■ **The problem**
The line with "This transitional-style metal" marks the first line to copy, and the line with "As we mentioned, the" marks the last. Transcribe that stretch of the data below exactly, without pictures.

+ + + + +

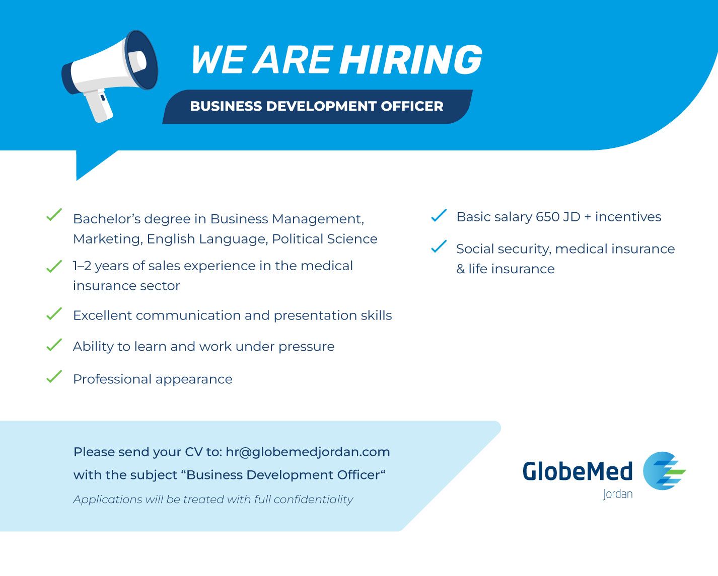 تُعلن شركة GlobeMed الأردن في عمان عن حاجتها لتوظيف موظف تطوير أعمال (Business Development Officer) وفقًا للشروط التالية:
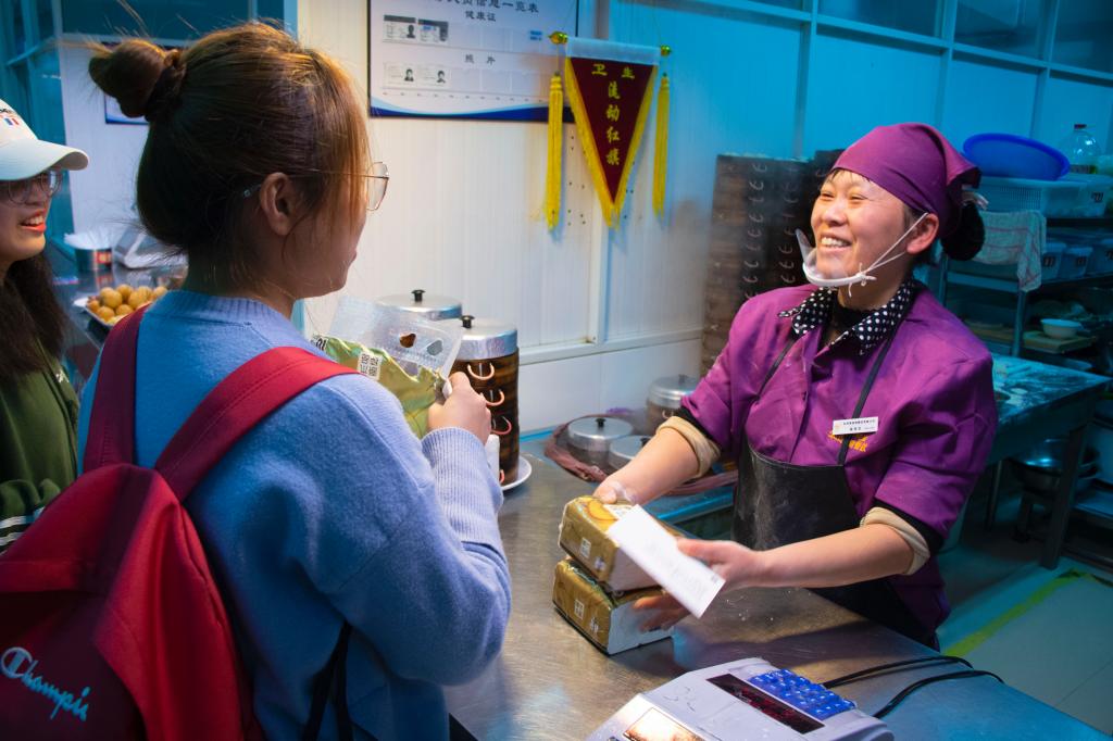 让我们把镜头转向食堂,一眼就看见叔叔阿姨们忙碌的身影。大家快速进入状态,生怕耽误他们的准备工作,赶紧将自己手中的感恩卡递去。在与阿姨的交谈中,我们了解到他们平日的作息时间,早上五点半起床,晚上八点下班,一天竟工作长达十个小时。知道了这些的你,还忍心对这些食堂工作人员皱眉吗?
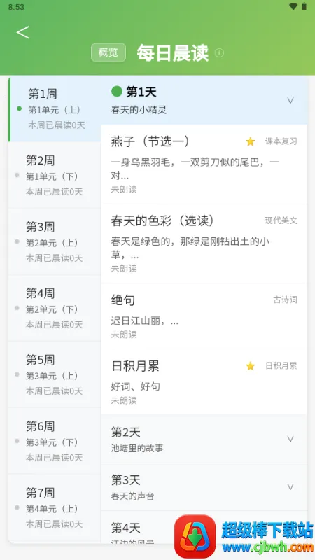 3、设有每日晨读模块,重读与泛读结合培养语感,支持听跟读与学习记录,通过晨读勋章与排行激励孩子坚持每日朗读,提升理解力。
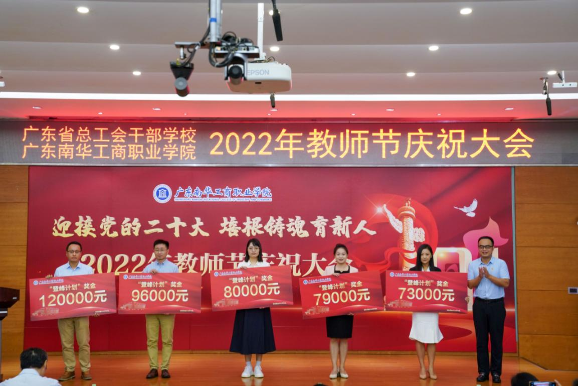 为激励那些在内涵建设中冲锋在前、攻坚克难的教师和团队,本次教师节大会,学校对“登峰计划”业绩突出的教师陈春慧、李婵、廖大强、彭晓丹、谭金凤、杨家成、姚文杰、赵玲霞、周怡燕进行了隆重表彰,“登峰计划”奖金最高得主(累计获得奖金12万元)廖大强老师发表获奖感言。
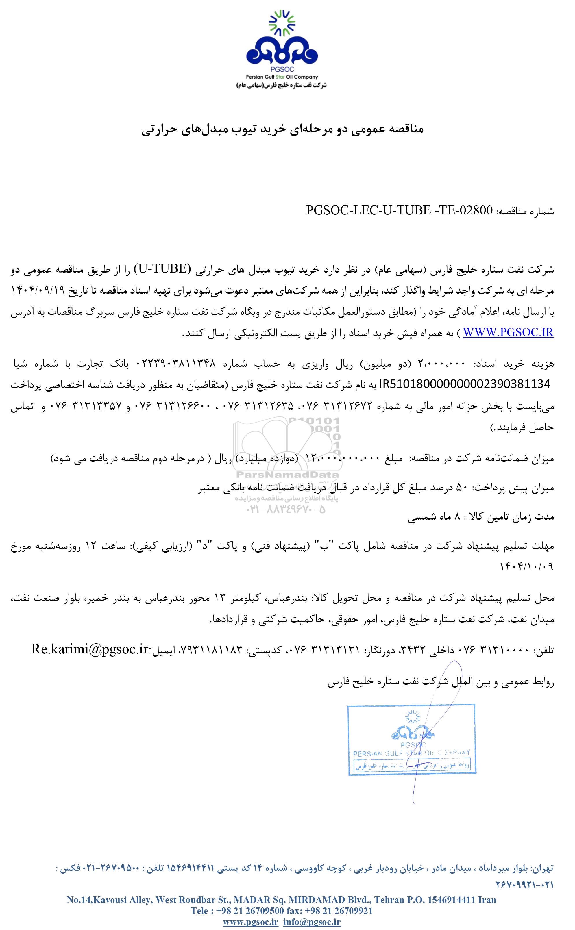 شرکت نفت ستاره خلیج فارس (سهامی عام) در نظر دارد خرید تیوب مبدل های حرارتی (U-TUBE) را از طریق مناقصه عمومی دو مرحله ای به شرکت واجد شرایط واگذار کند، بنابراین از همه شرکتهای معتبر دعوت میشود برای تهیه اسناد مناقصه تا تاریخ 1404.09.19 با ارسال نامه، اعلام آمادگی خود را (مطابق دستورالعمل مکاتبات مندرج در وبگاه شرکت نفت ستاره خلیج فارس سربرگ مناقصات به آدرس WWW.PGSOC.IR ) به همراه فیش خرید اسناد را از طریق پست الکترونیکی ارسال کنند.
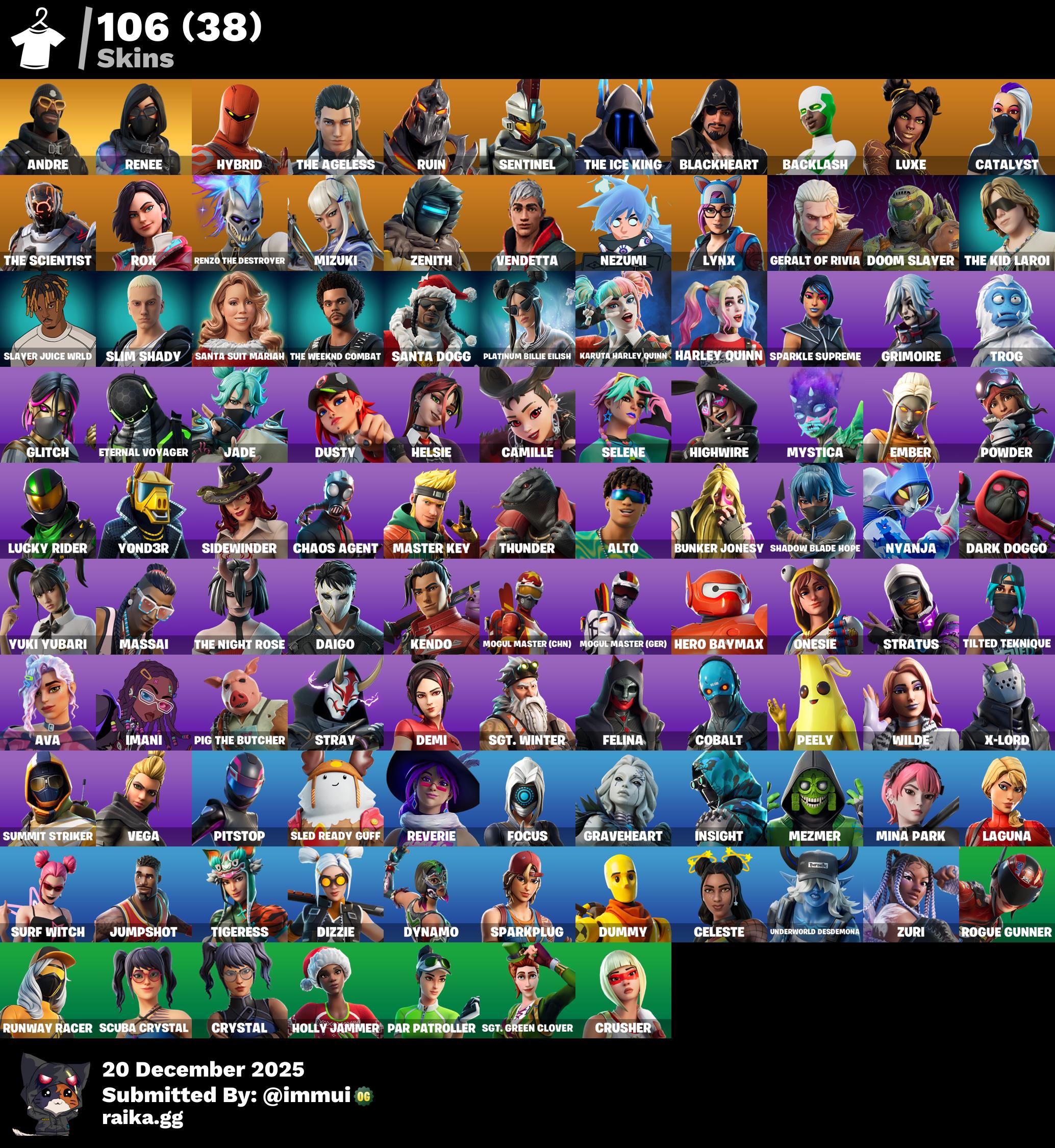 [PC] 106 skins | آندري | رينيه | الهجين | السرمدي | دمار | الحارسة | ملك الجليد | القلب الأسود | باكلاش | الفاخرة | المحفز | العالِم | روكس | 500 VB ضمان مدى اربطه بايميلك فوق 106 سكن بينها نوادر
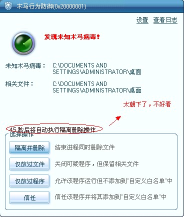 木马行为防御和文件监控提示框里的倒计时太下面了,已经和下面的字"选择操作"紧靠在一起了,不美观也不好看(如图)
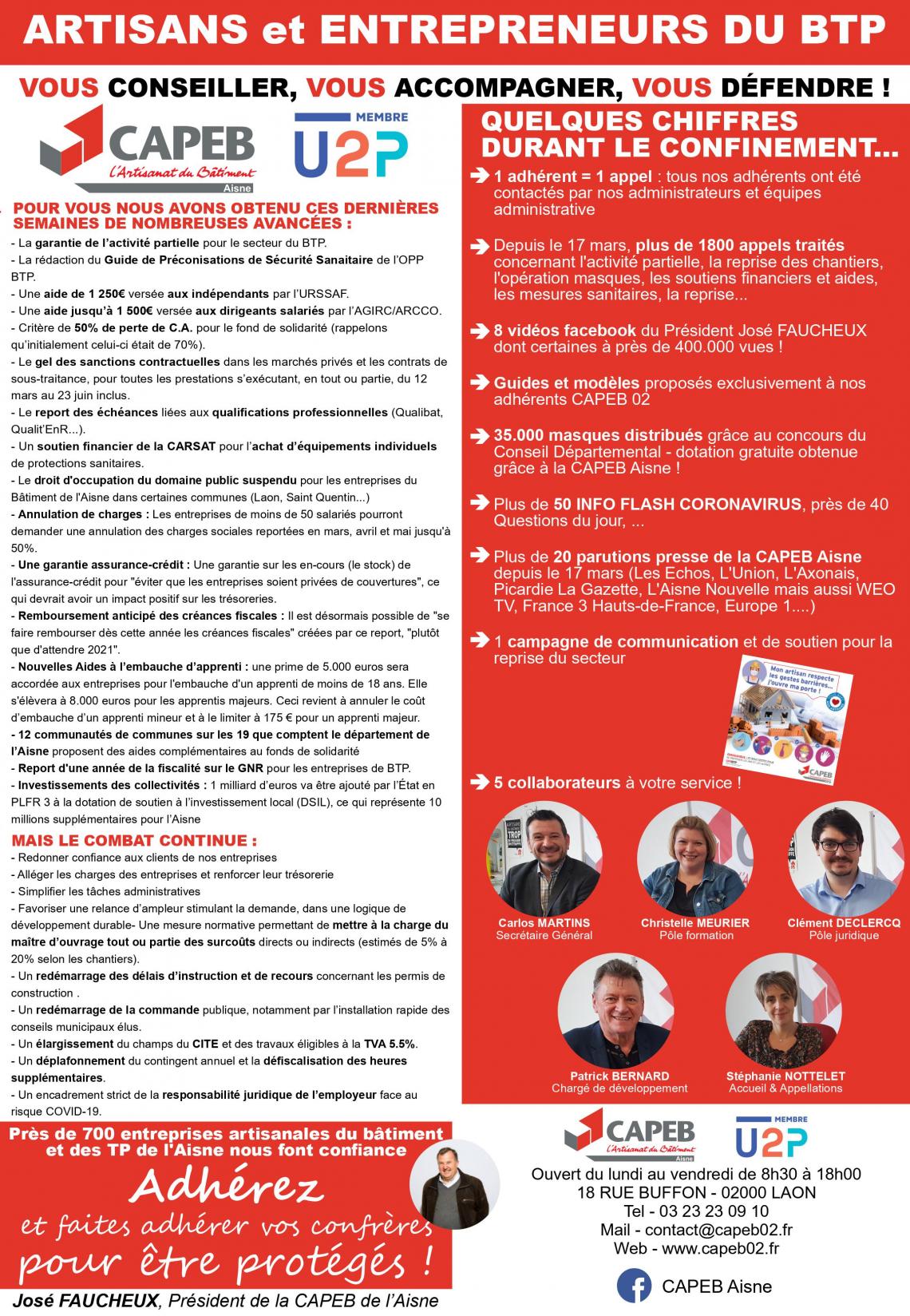 Votre CAPEB départementale vous a accompagné, défendu et conseillé durant les semaines du confinement et depuis le déconfinement.
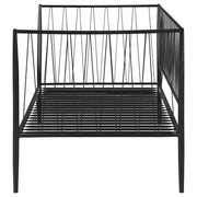 This transitional-style metal daybed combines sleek aesthetics with durable functionality, making it ideal for guest rooms or compact spaces. The design features slim, vertical metal slats with an angled backrest for a subtle modern flair. Welded metal construction ensures strength and stability, while the powder-coated matte black finish resists wear and adds sophistication. The integrated metal slatted platform provides dependable mattress support without requiring a box spring, emphasizing its minimalist appeal.
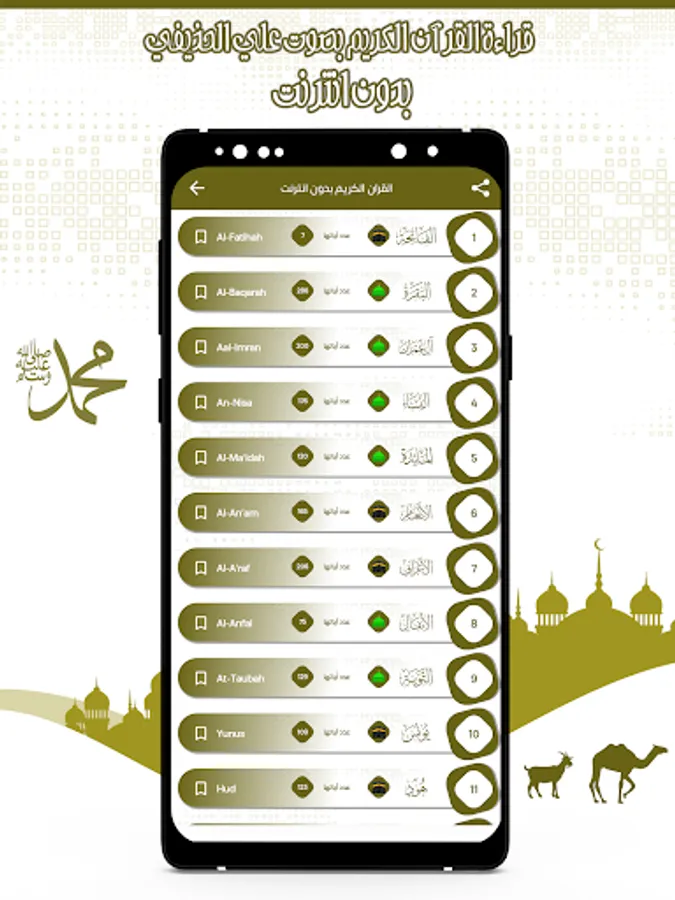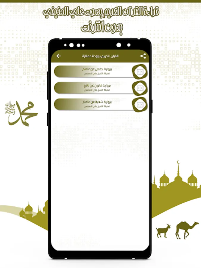 As we mentioned, the interface of the Noble Qur’an application with the voice of Ali Al-Hudhaifi is a simple interface that enables young or old users to listen to the Noble Qur’an and use the application with ease away from complexity.
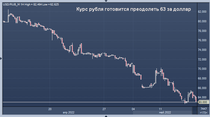 В 11:47 по Москве рубль укрепился на 2,26% по отношению к доллару до 63,05, достигнув самой высокой отметки с начала февраля 2020 года в 62,6250 в пятницу.
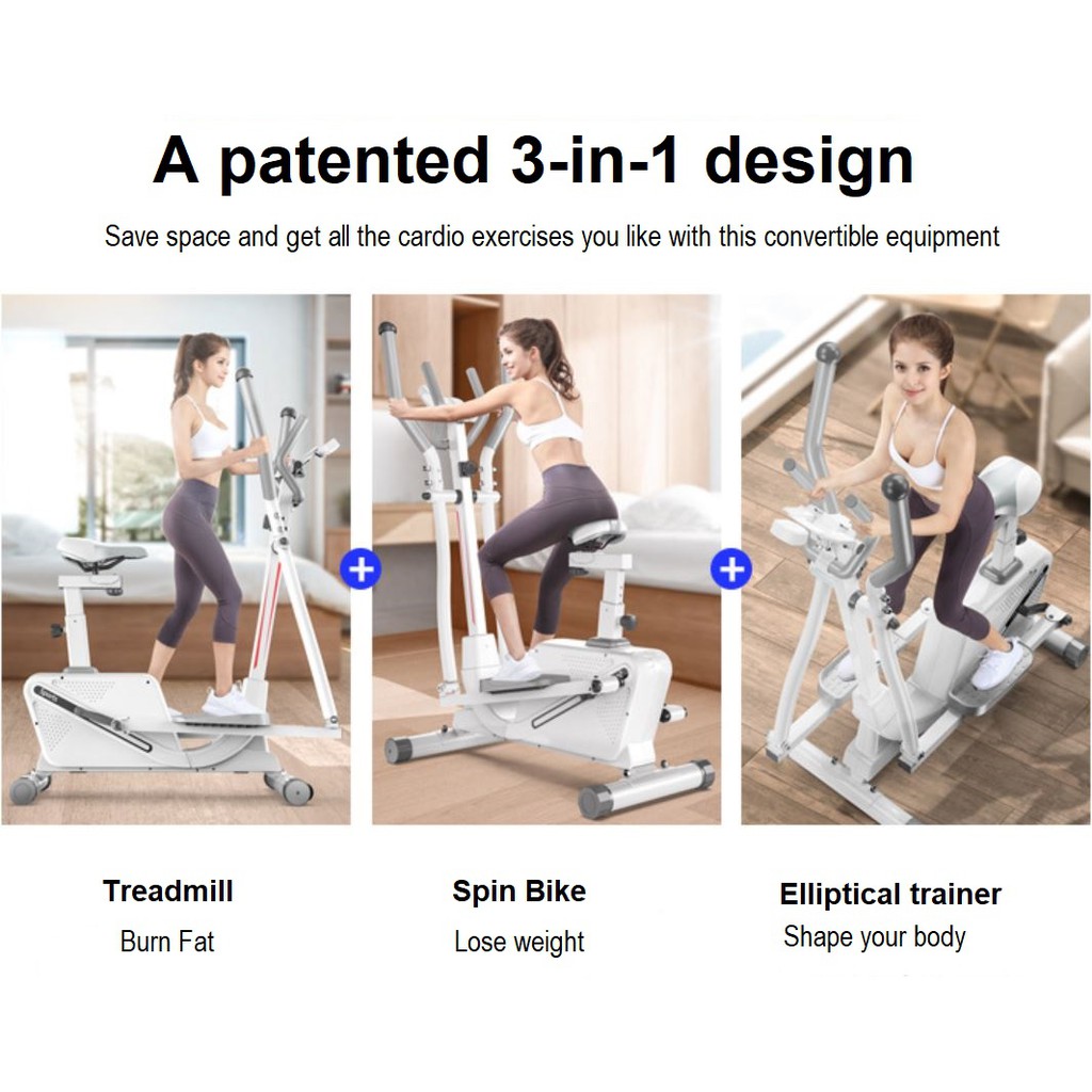 3 in 1 Magnetic Elliptical Machine Trainer Stepper Machine with 16 Level Resistance Sport Exercise Home

+ + + + +

■ **Solution for this problem**
 This transitional-style metal daybed combines sleek aesthetics with durable functionality, making it ideal for guest rooms or compact spaces. The design features slim, vertical metal slats with an angled backrest for a subtle modern flair. Welded metal construction ensures strength and stability, while the powder-coated matte black finish resists wear and adds sophistication. The integrated metal slatted platform provides dependable mattress support without requiring a box spring, emphasizing its minimalist appeal.
 As we mentioned, the interface of the Noble Qur’an application with the voice of Ali Al-Hudhaifi is a simple interface that enables young or old users to listen to the Noble Qur’an and use the application with ease away from complexity.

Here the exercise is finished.